Data provided.
--

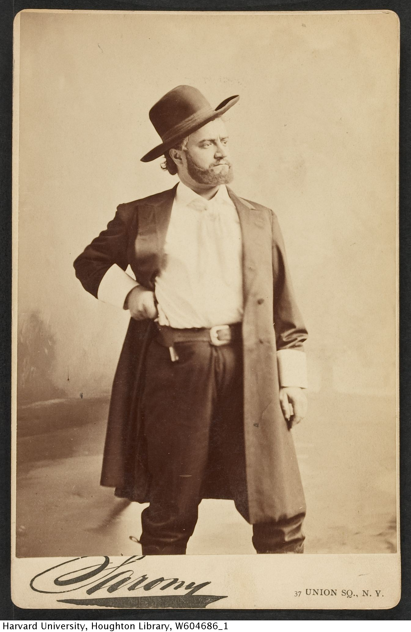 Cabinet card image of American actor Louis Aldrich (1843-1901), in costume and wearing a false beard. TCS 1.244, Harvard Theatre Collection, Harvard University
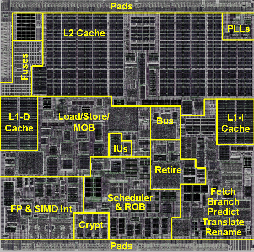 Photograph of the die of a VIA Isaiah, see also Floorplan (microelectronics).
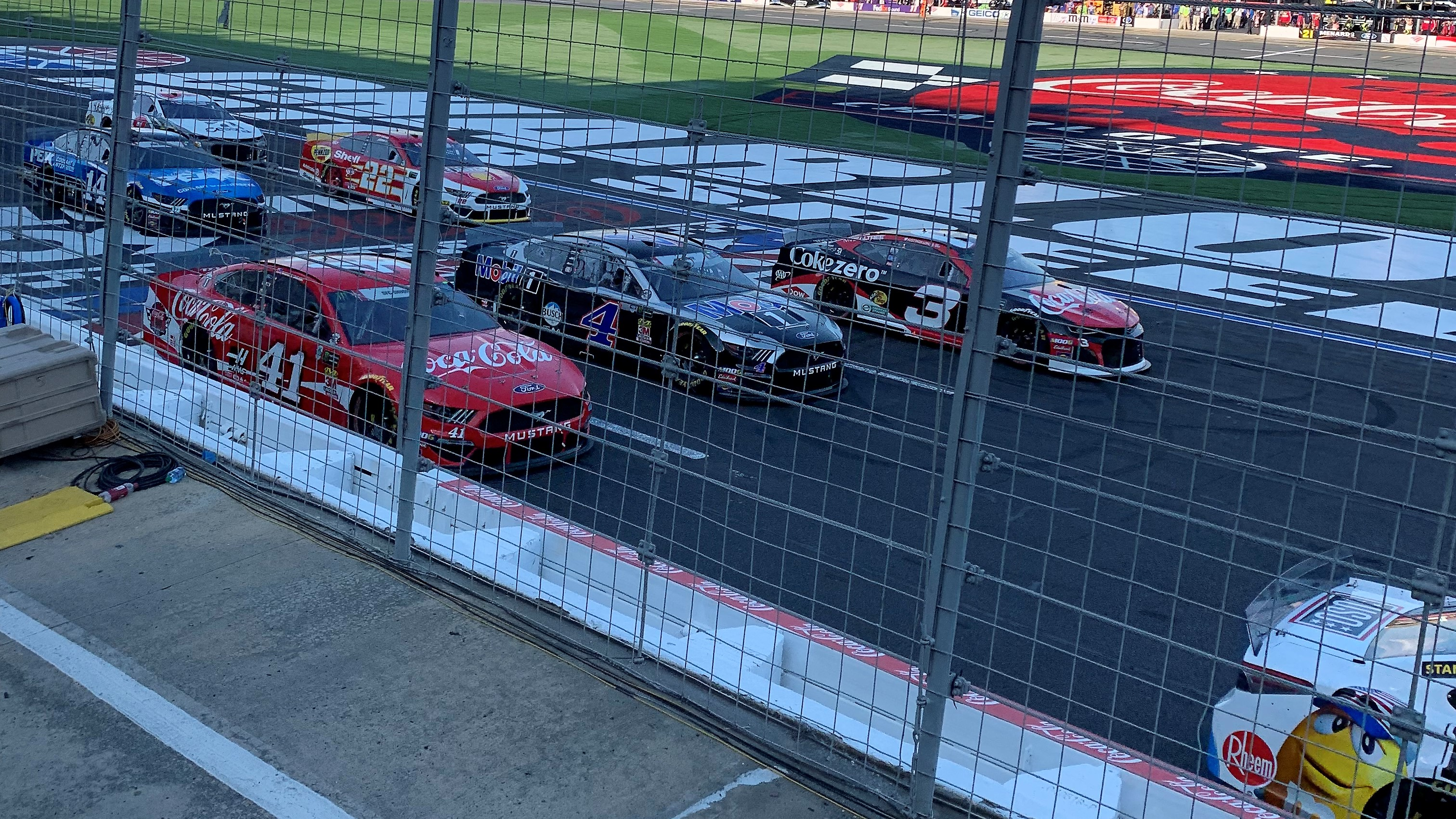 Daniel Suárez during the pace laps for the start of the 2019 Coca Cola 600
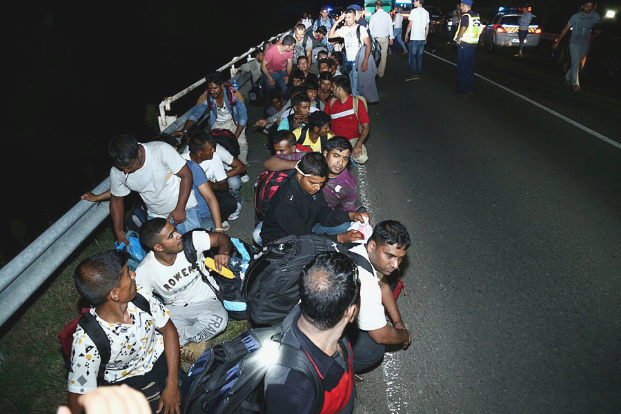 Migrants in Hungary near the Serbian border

--

No pictures should appear in the copy; write out exactly the lines from the one containing "Daniel Suárez during" through the end of the material.

 Daniel Suárez during the pace laps for the start of the 2019 Coca Cola 600
 Migrants in Hungary near the Serbian border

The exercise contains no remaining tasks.